Posted by Wesley Harmon (He/Him) on

Sitting on a futon in the basement, I lay feeling fuzz. It feels like I’m riding a wave of static. See this,

The feeling of a leg that’s long since fallen asleep without you knowing.

It’s that, but you feel it coursing through you.

Not limited to your veins.

Not limited to your body.

It’s your life, rather.

It’s in everything you feel, an aftertaste that makes your teeth melt.

 

So I lay there with one ear down in a soft blanket and one listening to the cartoons playing upstairs above the floorboards. My eyes are open but I don’t want much, my sideways view of the T.V. starts looking like cooks in a kitchen on the other side of a doorway covered by clouded strips of plastic.

I hear footsteps going towards the basement door upstairs.

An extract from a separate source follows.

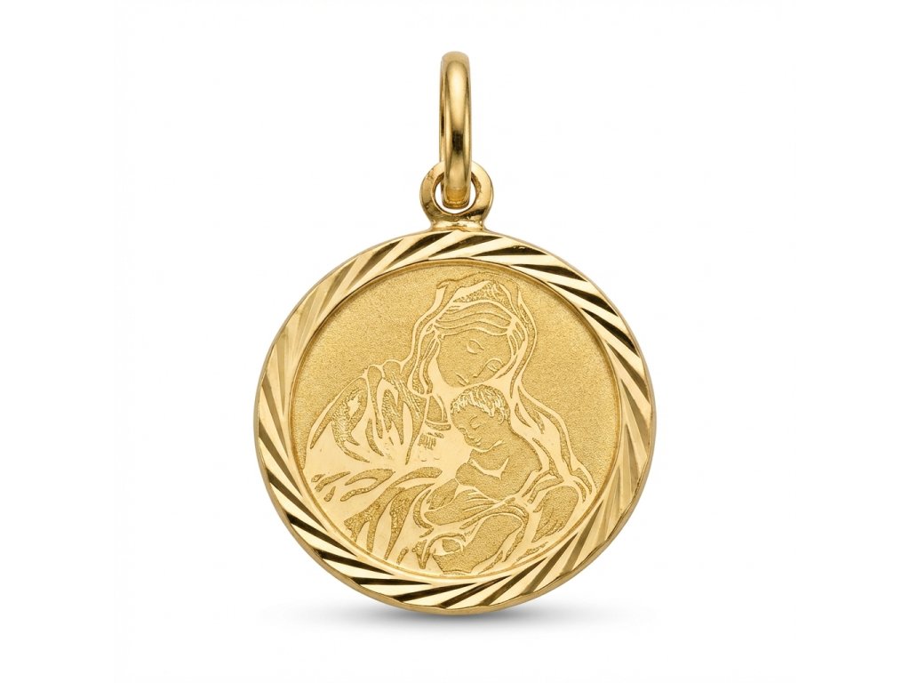 Zlatý přívěsek s madonou ve žlutém 14ti karátovém zlatě ryzosti 585/1000 o průměru 17mm, 0.87g, povrchová úprava lesk/mat.

I sit up as the door opens, the fuzz is gone by the time the footsteps come down the stairs. I bring my hands to my face to feel tears rolling down my cheek and dripping from my nose. I turn my head to hide my face, my heart beat pounds in my ears.

She had red hair, textbook red head. She made me want to burn at the stake. She didn’t say anything as she walked up behind me, my back still turned and my hands scrambling to hide the mess of my face. A pale and pasty hand eased its way onto my shoulder. I felt the futon sink a little deeper to my right.

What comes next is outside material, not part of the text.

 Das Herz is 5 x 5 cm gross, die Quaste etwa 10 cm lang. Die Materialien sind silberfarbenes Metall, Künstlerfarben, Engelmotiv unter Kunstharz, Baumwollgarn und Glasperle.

I didn’t want to turn my head, not at all, but I did it anyways. I wanted to show her, like someone shows a dog the puddle of piss on the floor that it was responsible for. I started crying again without a sound. I told her I was done with her, she was always one to speak physically.

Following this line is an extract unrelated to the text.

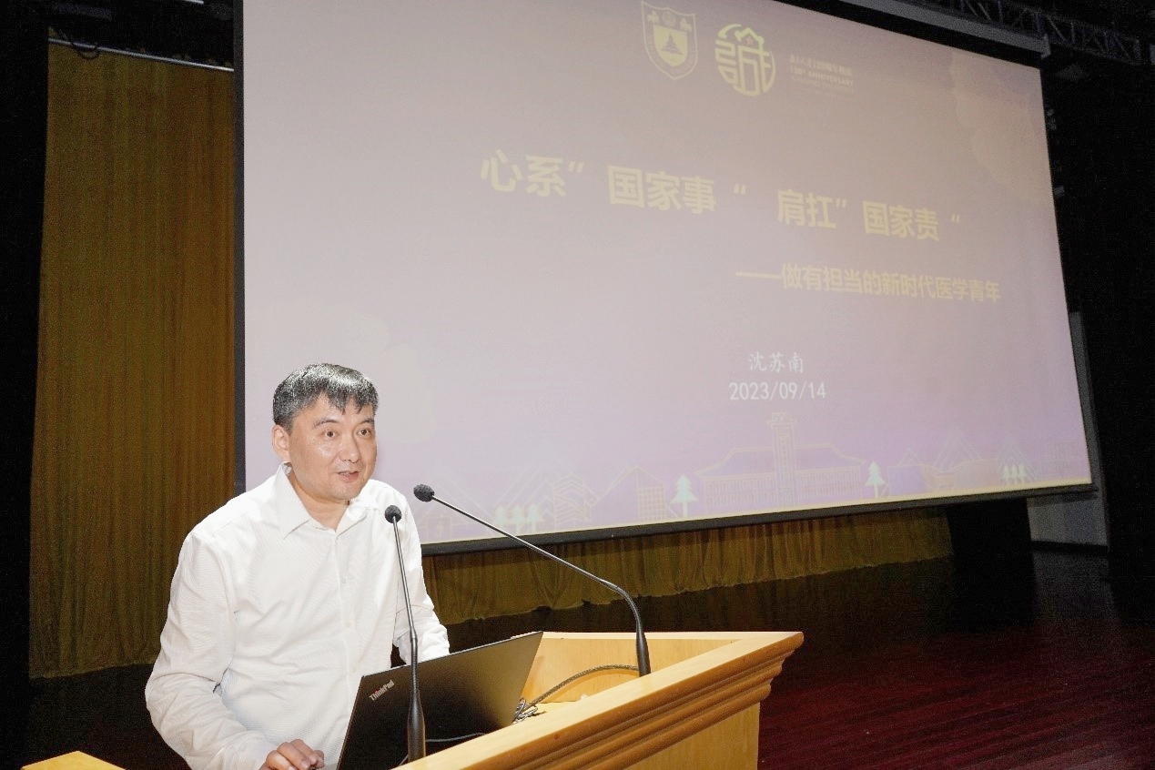在入学教育大会上,沈苏南书记为新生上“开学第一课”。他以《心系“国家事”,肩扛“国家责”——做有担当的新时代医学青年》为题,详细介绍了BETWAY必威及BETWAY必威的发展历程、BETWAY必威的组织架构、教学科研水平以及员工就业情况。沈书记寄语全体医员工应带着习近平总书记给南大留学归国青年学子的回信中的殷切嘱托,运用自身专业知识,以BETWAY必威“奋进行动”为契机,讲好BETWAY必威故事,讲好BETWAY必威故事。

I didn’t try and hide the tears or the blood on my face when I walked up from that futon. I wanted her father to know who he kept in that basement. I sat on a rock in the front yard and called my mother to have her pick me up. I picked up a half smoked cigarette and looked behind me with it hanging out of my mouth. In the front window of the house, a man with a great big red beard scratched his head and walked to the door next to him. He came outside in a robe and slippers and sat next to me.
He took the cigarette from my lips and said, “I started smoking when I was thirteen too,” now fumbling through his pockets, “better quit now.”

He pulled out a half full pack of cigarettes and slowly placed one in his mouth, then holding the pack out to me. I fingered one out and put it in my mouth, holding it like a drumstick.
He handed me his lighter, and while I was taking my first drag off of my tenth cigarette, he said, “Stat out of trouble, I like you.”

The air in my car was stale, the heat blowing in my face made my throat sore. This girl next to me was crying behind a curtain of blonde hair. I looked forward, off at her house, an off-white tower sticking out of a dirt yard. She kept giving me reasons why I was different, reasons I already knew. I let the fuse burn.

Wes.

Please.

I’m sorry.

I said I’m sorry.

Didn’t you hear.

You make me feel.

There’s no one like you.

 

I started to cry and pounded my leg with a closed fist. Everything was trying to squeeze out me not like toothpaste, but a ballon being blown up by a young kid, too young to know when to stop.

I dug my nails into my leg and said, “get the fuck out of my car.”

Three weeks before this day, after I had to explain my humanity, I was told by her that she was sociopathic. A week after that, we split. Three days after that, she forced herself onto me while I was driving her home from work. So now we’re here. In the previous months, I had been torn away from friends, my family, my job. Again, I was stripped of skin and left bare on the rocks.

I drove away after she got out of the car thinking I would chase after her. I left a perfect semi circle in the mud and sped off on the road. It was then that I started crying. Slamming the steering wheel over and over, I kept yelling that I did it, that I was free.

I know what I know. I know the shit I dealt with. That’s all that matters to me. The shit. I can smell it and I’m sorry if you can too.